# Mini alpines



## Chi Chi (Mar 7, 2010)

We current have Nigerian dwarf goats and just love them! My husband has been doing "research" and thinks maybe she should get a mini alpine. Can anybody tell me about their personalities, milking capabilities, how tall, are they year round breeders? etc.... And where I might get my hands on one...he is talking bout expanding the herd!!!


----------



## toth boer goats (Jul 20, 2008)

Hopefully... someone will come along soon... to answer that for you...I wish I knew.. but i don't...


----------



## Chi Chi (Mar 7, 2010)

Thank you! I was hoping to get information on them before my husband brought one home.


----------



## naturalgoats (Jan 3, 2011)

Maybe search Zarafia's posts? Her Pan is a mini alpine.... sorry I have no idea... my boys are saanen and far from mini lol
M.


----------



## Chi Chi (Mar 7, 2010)

Thank you for the tip.


----------



## SkyesRanch (Nov 11, 2010)

I owned one once. She was wild and could jump a 5ft fence. LOL But don't let that deter you. I Have a friend that has like 30 of them and they are sweet and easy keepers. They get their smaller size from a Nigerian but they get their friendly personalities from the Alpine. If you have ever met an Alpine they are very docile and easy going, generally speaking.


----------



## Di (Jan 29, 2008)

I'm currently waiting for my Alpine doe to kid with mini-alpines. I had a lot of fun milking my NDG's. But, Hubby thought it took to much time (I was milking 5 goats)lol. So, he bought me an Alpine doeling. She is a FF. I plan to keep a doeling if we are fortunate enough to get one, it being a "buck year", so far. Unfortunately, it will be (at least) another year before I have a "mini alpine" to milk. 
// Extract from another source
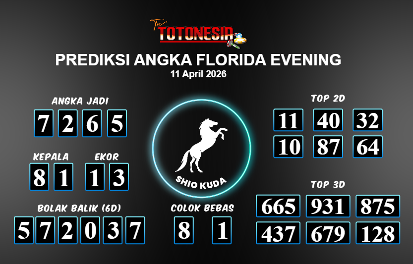 Toto Nesia : Bocoran Prediksi Togel FLORIDA EVENING Tanggal 11 APRIL 2026

I will be happy to have goat milk again. To bad Hubby doesn't "get" that it's more then "just" the milk for me. I loved the "quality" time I spent with my girls. Oh well. MEN! But, Lucy is a sweet girl and I'm so exited to have her. Her mother milked 10-12lbs/day. She's not registered. So, I need to look into ADGA to see if I can get her registered as grade or NOA. 

I'll be eagerly watching this thread, to see what to expect from my mini-alpines!


----------



## KW Farms (Jun 21, 2008)

It also kind of just depends on the goat. They each have a different personality. Some are timid...some are overly friendly...some are bossy...each is different. That goes for any breed.


----------



## 4theluvofgoats (Jun 9, 2011)

Right now my FF yearling Mini Alpine is milking 7 lbs at 3 weeks fresh. I am very pleased with her. She is very laid back and easy going. I registered her with MDGA. I bred a friend's Alpine does with my Nigerian buck in trade for a Mini buckling. Next year I will have 2nd generation mini alpines- can't wait


----------



## Zarafia (Mar 25, 2012)

Well I can sasy that my "mini alpine", Pan, is a joy in every way. He is affectionate and loving as well as calm enough to spend long periods of time in the house. He's also potty trained .
If you have any more questions that I could answer just ask. But remember, Pan is still quite young, 7 weeks old.
So far I highly recommend mini alpines!


----------